*** Opening of DATA RECORDS ***

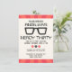 Nerdy 30 convites de aniversário (4,5 x 6,25") com um par de óculos geeks e símbolos pi. Texto escuro e personalizável sobre um fundo de cor creme ligeiramente esbranquiçado. O topo e o fundo são bordas pálidas vermelhas de explosão solar. design divertida com um toque de retrô. Excelente de festa convidada para todos os geeks lá fora.
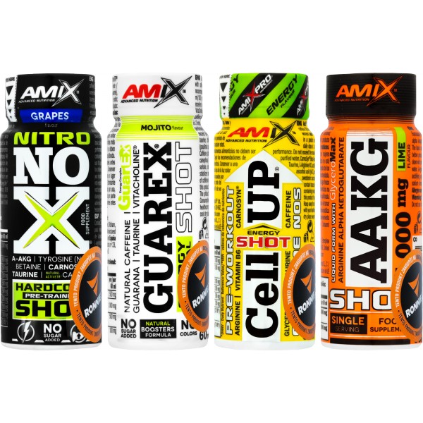 Nabité předtréninkové produkty! Co obsahují? Guarex® Energy & Mental Shot – excelentní dávka energie založená na vysokém obsahu extraktu z guarany, VitaCholine® (cholin bitartrát), taurinu a suroviny ActiveTR™, neboli přírodním enkapsulovaném kofeinu. CellUp Shot – patentovaná, vysoce koncentrovaná forma práškového glycerolu a křemíku (GlyceroMax®), beta-alanin (CarnoSyn®), taurin, L-arginin HCl, N-acetyl L-tyrosin, kofein a vitamín B6 s vitamínem C. NitroNoX Shot – L-arginin AKG, CarnoSyn® beta alanin, enkapsulovaný kofein, tyrosin (NALT), taurin, L-citrulin, betain, glukuronolakton, histidin a vitamín B6. AAKG 4000 mg Shot – L-arginin alfa ketoglutarát v kombinaci s glycerolem GlyceroMax®.
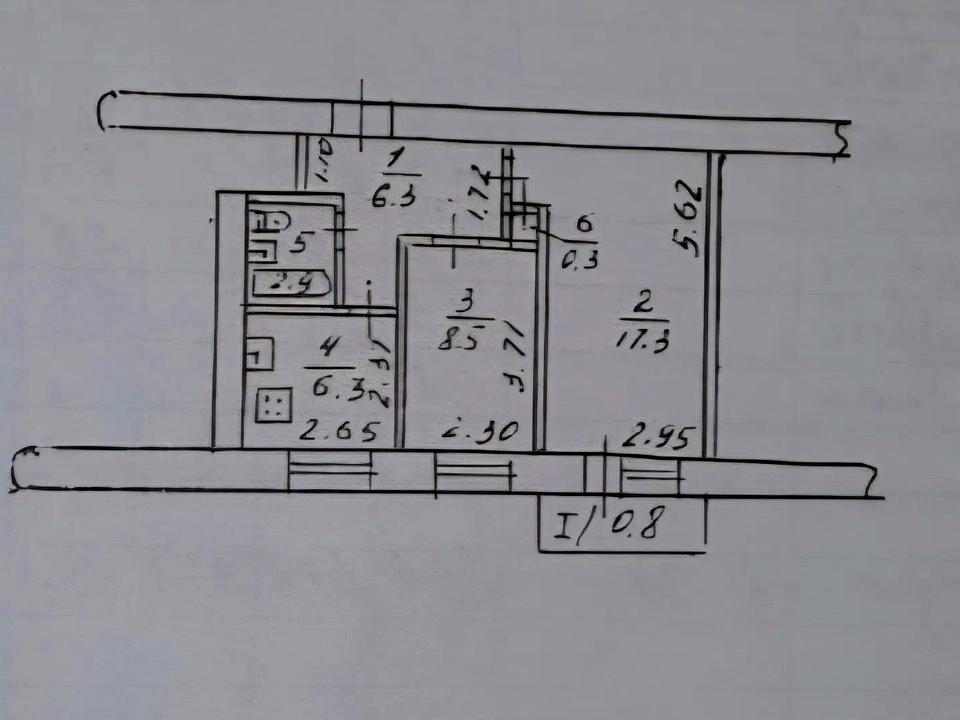 Загальна площа - 43 кв.м:, кухня - 6 кв м., 2 окремі кімнати, санвузол з ванною, балкон.
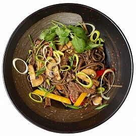 Wok (фунчоза) с овощами -, салат греческий - 330 гр
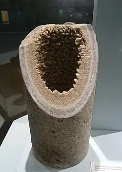 Asbestos pipeline with gypsum crystals. Water pipeline from Rooikop to Walvis Bay, Namibia
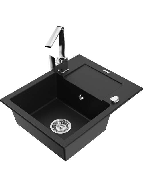 Dane techniczne: Zlewozmywak: Rozmiar: 576x465x174 mm Głębokość komory: 164 mm Wymiary komory: 395x320 mm Średnica odpływu: ø90 mm Typ: 1-komorowy z krótkim ociekaczem Rodzaj: Wpuszczany w blat Kolor: Czarny Wykończenie syfonu: Chrom Materiał: Granit (80% kruszywo granitowe 20% żywice) Otwór przelewowy: Tak Otwory: ( bateria, automat ) 2 Montaż: Uniwersalny, możliwość montażu z ociekaczem po lewej lub prawej stronie Wysoka odporność na zarysowania i przebarwienia Odporność na szok termiczny Powierzchnia ułatwiająca czyszczenie Dwa dodatkowe podfrezowane otwory do samodzielnego wybicia ø35 Bateria kuchenna: Materiał: Mosiądz Kolor: Chrom Głowica: Ceramiczna Perlator: Tak Typ: Jednouchwytowa Wysokość baterii: 290 mm Zasięg wylewki: 220 mm |

*** Close of DATA RECORDS ***

> PROMPT
Copy out, with no pictures, the lines from the one containing "Asbestos pipeline with" through the last line of the data above, both ends included and each word unchanged.

> RESULT OF THIS EXERCISE
 Asbestos pipeline with gypsum crystals. Water pipeline from Rooikop to Walvis Bay, Namibia
 Dane techniczne: Zlewozmywak: Rozmiar: 576x465x174 mm Głębokość komory: 164 mm Wymiary komory: 395x320 mm Średnica odpływu: ø90 mm Typ: 1-komorowy z krótkim ociekaczem Rodzaj: Wpuszczany w blat Kolor: Czarny Wykończenie syfonu: Chrom Materiał: Granit (80% kruszywo granitowe 20% żywice) Otwór przelewowy: Tak Otwory: ( bateria, automat ) 2 Montaż: Uniwersalny, możliwość montażu z ociekaczem po lewej lub prawej stronie Wysoka odporność na zarysowania i przebarwienia Odporność na szok termiczny Powierzchnia ułatwiająca czyszczenie Dwa dodatkowe podfrezowane otwory do samodzielnego wybicia ø35 Bateria kuchenna: Materiał: Mosiądz Kolor: Chrom Głowica: Ceramiczna Perlator: Tak Typ: Jednouchwytowa Wysokość baterii: 290 mm Zasięg wylewki: 220 mm |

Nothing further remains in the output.